お父さんは熟読しているのか読んでいる時間が長い。


お母さんは、お父さんと違って店内をぐるりと見回している。


物珍しいお店でもないと思うけど。


間口は狭いが細長いから奥行きはある。


だが、ケーキやパンなど食料品製造業は調理スペースが大きい。


奥行きがあっても、ほぼ調理スペースに奪われてしまうだろう。


業務用の冷蔵庫や大型オーブンなど場所をとるものばかりだ。


まぁ、販売スペースは小さくても問題ないが。



「なるほど。短期間でよくまとめたね。急に言われたから考えられない部分もあると思ったけど」



お父さん的には合格ラインだったらしい。


でもね?


私の就活なの。



「いい加減なことは記載できないよ。採用する側が曖昧なこと言ったら、叩かれるのこっちだからね」



「確かに。

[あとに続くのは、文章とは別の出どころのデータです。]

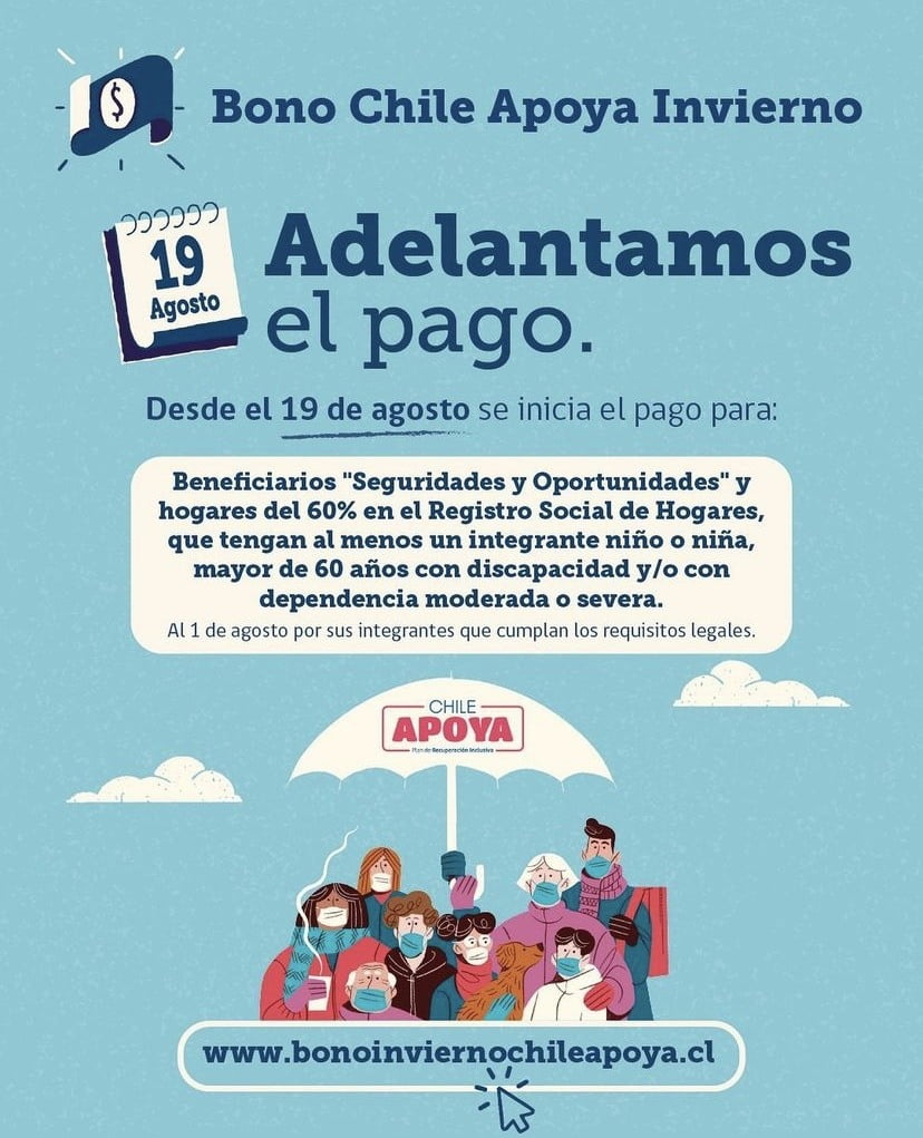 Las primeras personas beneficiadas podrán conocer su lugar y fecha de pago desde el 5 de agosto con su RUT y fecha de nacimiento a través del sitio web: https://www.bonoinviernochileapoya.cl
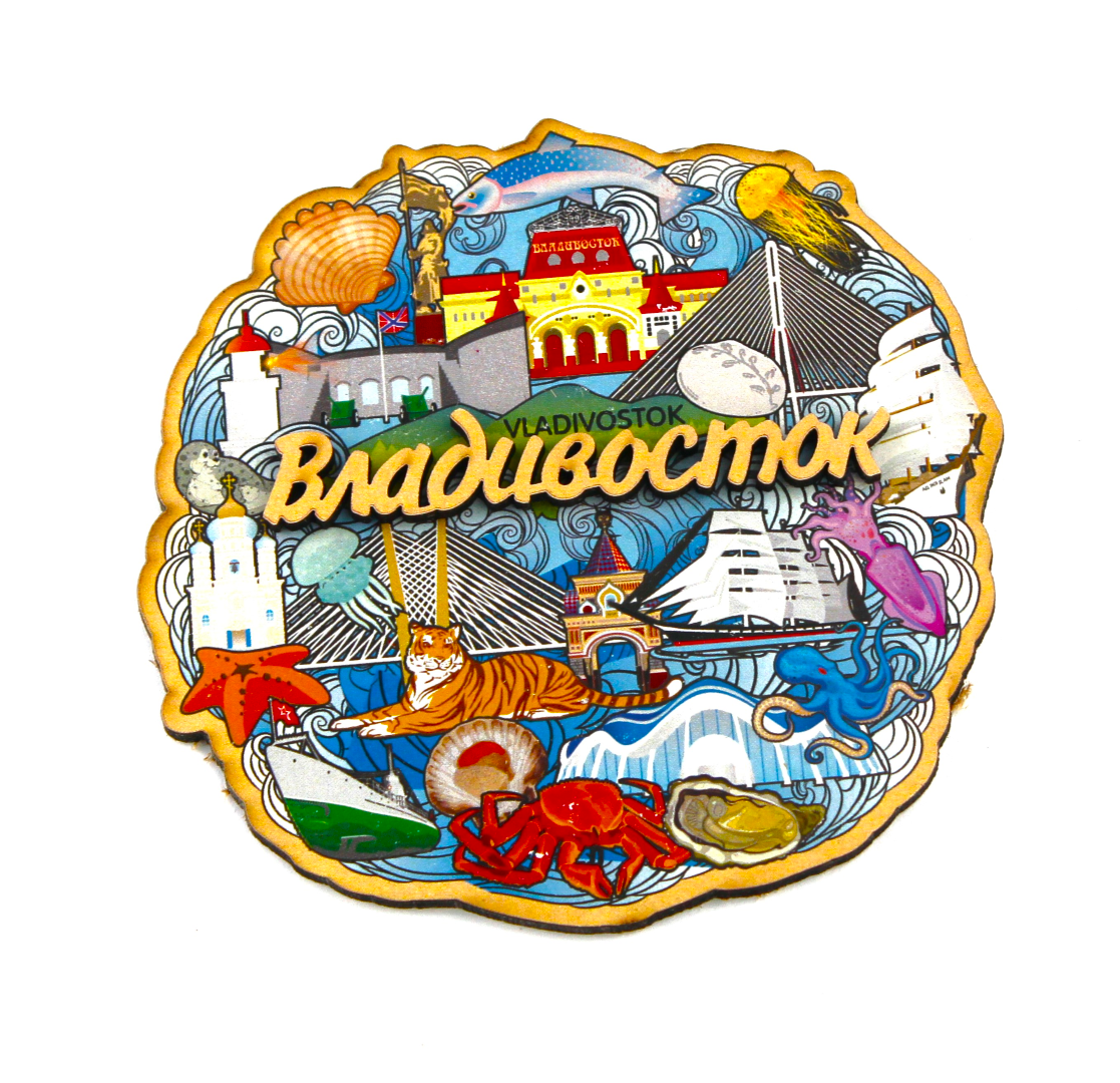 Магнит деревянный 2-слойный Владивосток Графика. Размер: 9х9х0.5 см. Материал: ДВП, бумага. Упаковка: ПП пакет.
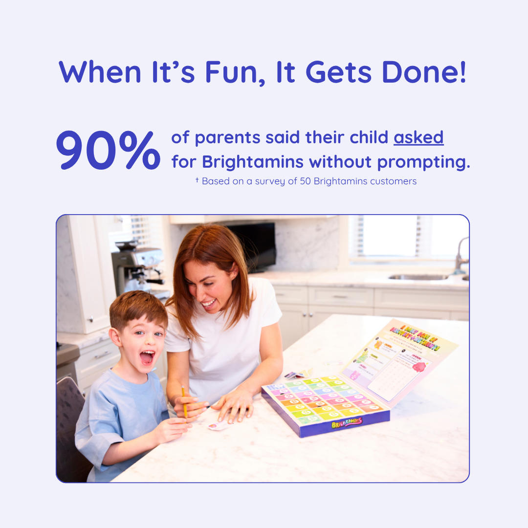 90% of children don’t eat the recommended servings of fruits and vegetables, leaving them deficient in key vitamins and nutrients. With Brightamins, parents can rest easy knowing that nutritional gaps are being filled in their kids’ diet.
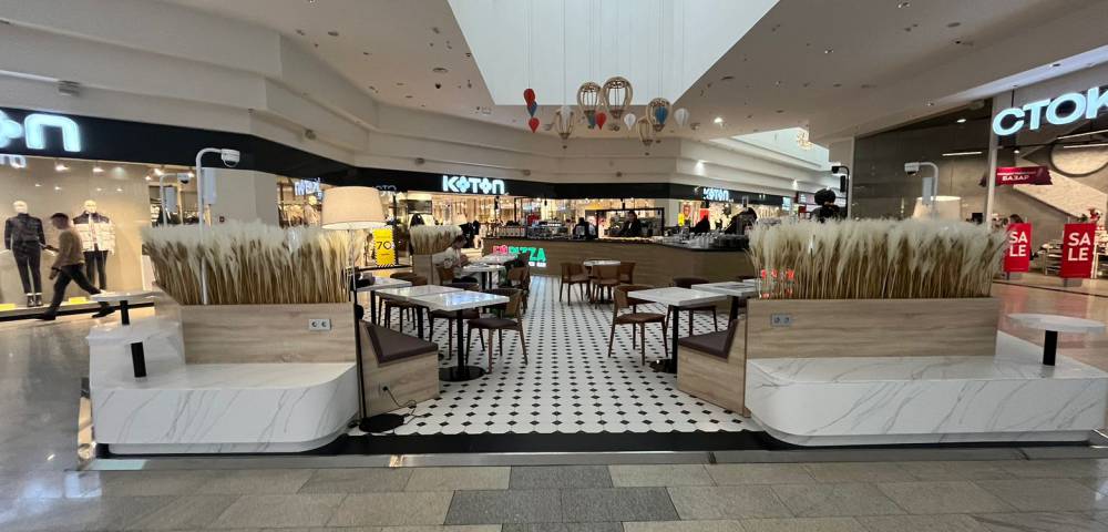 Кафе расположено на первом этаже ТРЦ, напротив магазина Koton.
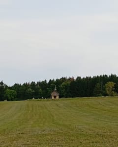 Itinéraire facile. 100m de dénivelé. Accessible tout public. Départ d'un parking puis chemin le long de champs, à travers la forêt. Paysage : vue sur le lac au loin, les montagnes. On peut manger à la chapelle : petits bancs. Table d'orientation à côté avec des panneaux explicatifs sur les eaux du plateau.
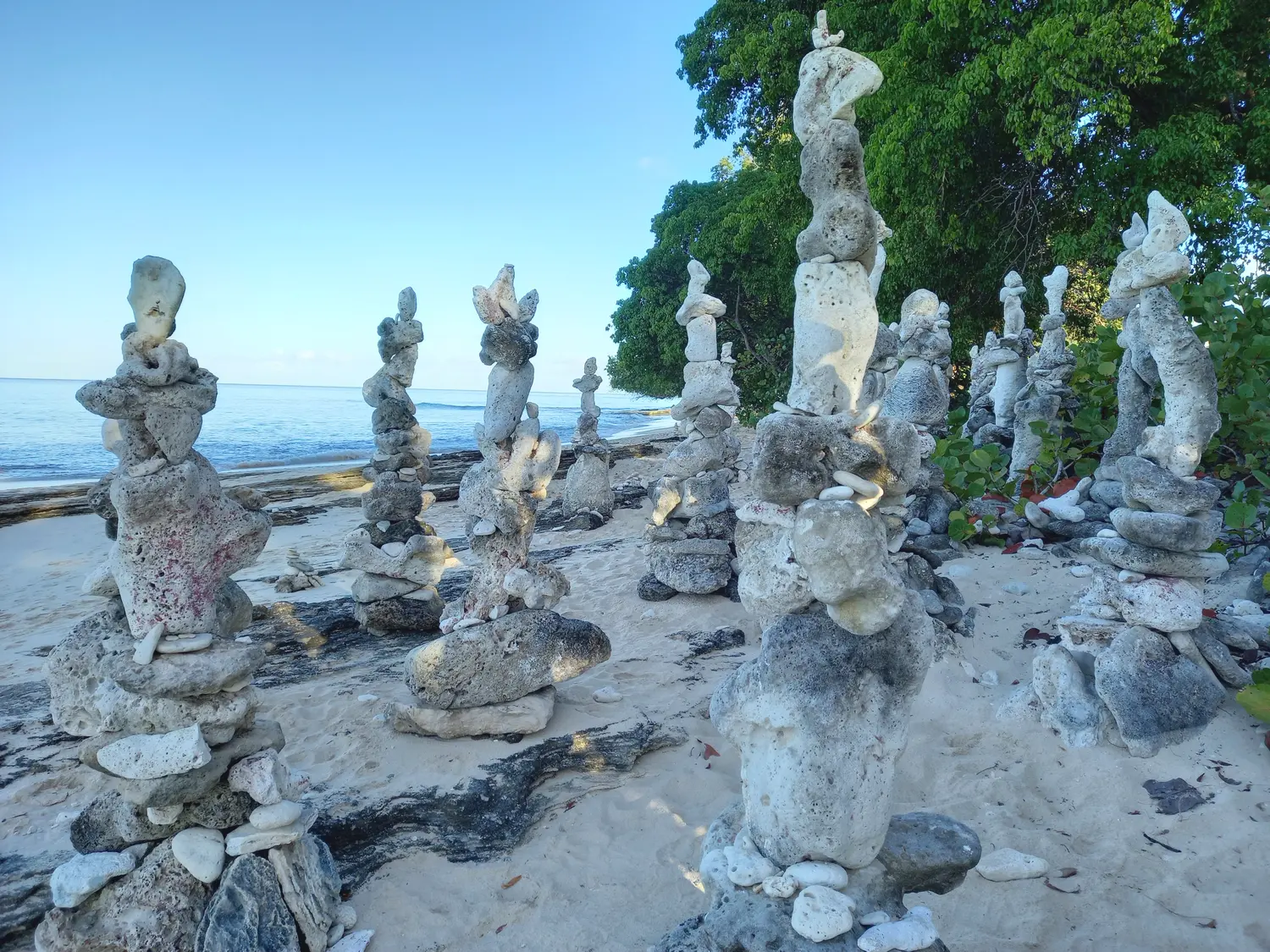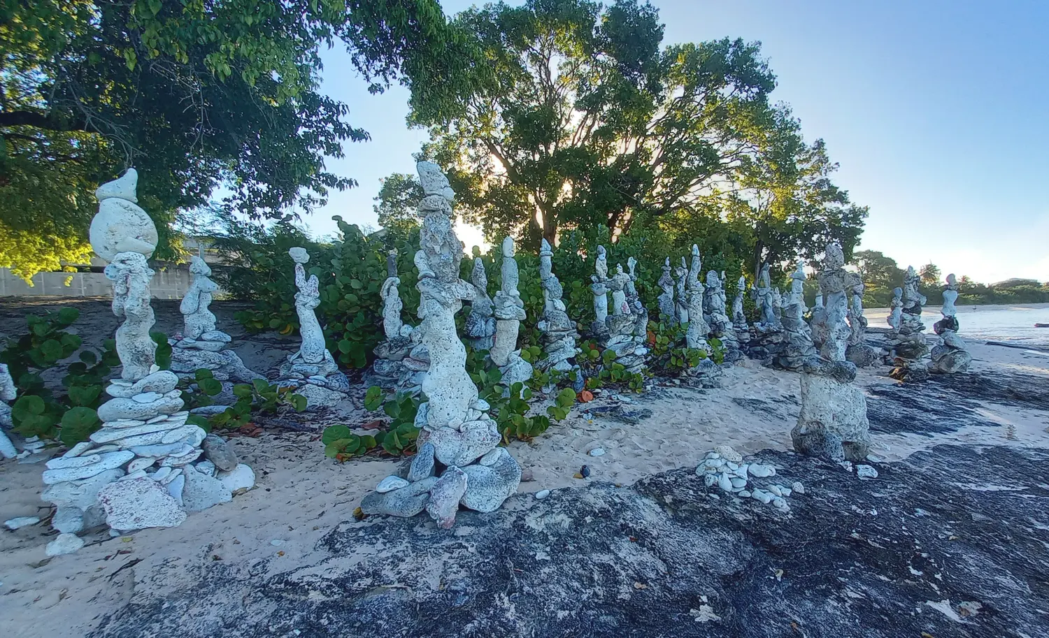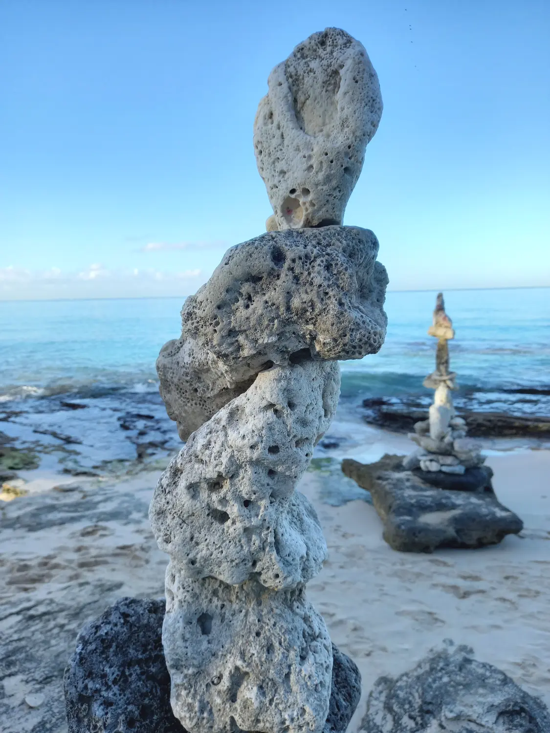 On the tranquil shores of Batts Rock Beach stone statues hold a quiet vigil looking out to sea. Local artist Philip King strategically places and balances the stones, with no glue or other material holding them in place. Some statues are grouped, resembling a family or community, while others stand alone.
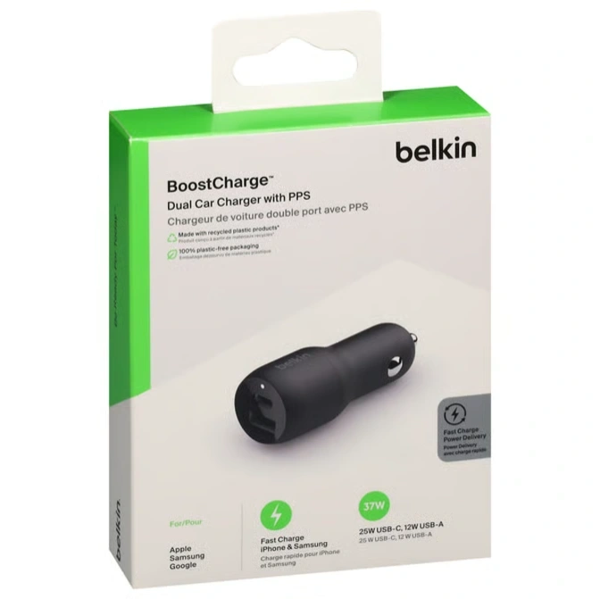 Belkin is synonymous with reliability. This dual car charger is not only designed for speed but also for safety. Integrated protection systems safeguard your valuable electronics against overheating, overcurrent, and short circuits. Furthermore, you can feel good about your purchase; this product is made with recycled plastic materials* and comes in 100% plastic-free packaging, aligning high performance with eco-conscious manufacturing. For travelers, commuters, and families, it is the ultimate reliable power solution.
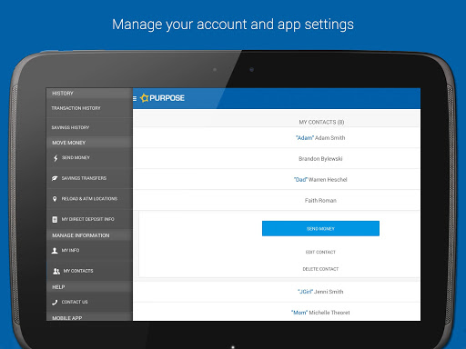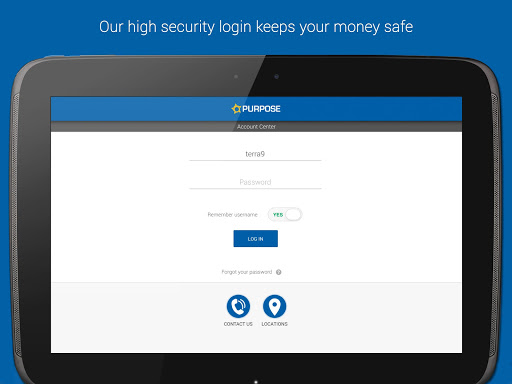 The security of your money and information is our highest priority. The app was built using the highest standards of mobile web security to ensure only you can access your account. Your account number is never shared and no private data is ever stored on your phone. Your account can be accessed using the same username and password you've already established on the web. Best of all, the Purpose Card mobile banking app is free!
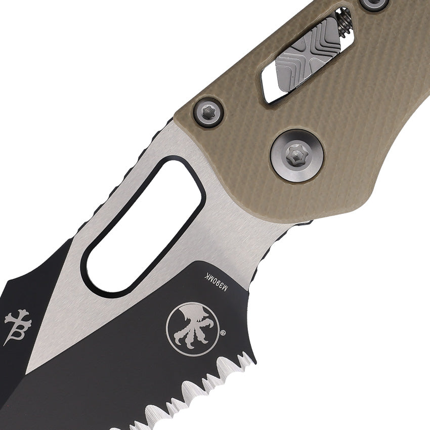 Microtech Stitch Ram-Lok Tan Fluted G10 Folding M390MK Serrated Pocket Knife 17868

しかも、SNSがあるから広まるの早いよ。ちょっと言っただけですぐ広まって炎上しちゃうからね。この部屋貸しってアパート持ってるの?」



「上に余ってる部屋がある。そこなら貸せる。まぁ、住み込み?みたいな?」



最後が疑問系だったのが気になる。


みたいな?って何?



「あ〜、なるほど。もう2階は使ってないんだ?」



「うちの妻の性格上、お店と家を一緒にしたら、ずっと1階にいることになる。そんなことになったら絶対倒れる。自分の限界を突破した先にゴールがあるとかなんとか言うから」



「何かに憑かれているみたいだな」



「それに近い。だから、お店から離れたところに家を買ったんだ。成美からはめちゃくちゃ怒られたけど、なんとか説得した。休ませるためには仕事場から離す必要があるって思ったからね」



なんとなく分かる。


お母さんもお父さんも家の中で仕事しているけど、どっちも集中しちゃうと何時間もやってる。


うちは、本格的な仕事道具は揃ってないから、そこまで酷くはないけど家の中で全てが揃っていたら手を伸ばすだろうな。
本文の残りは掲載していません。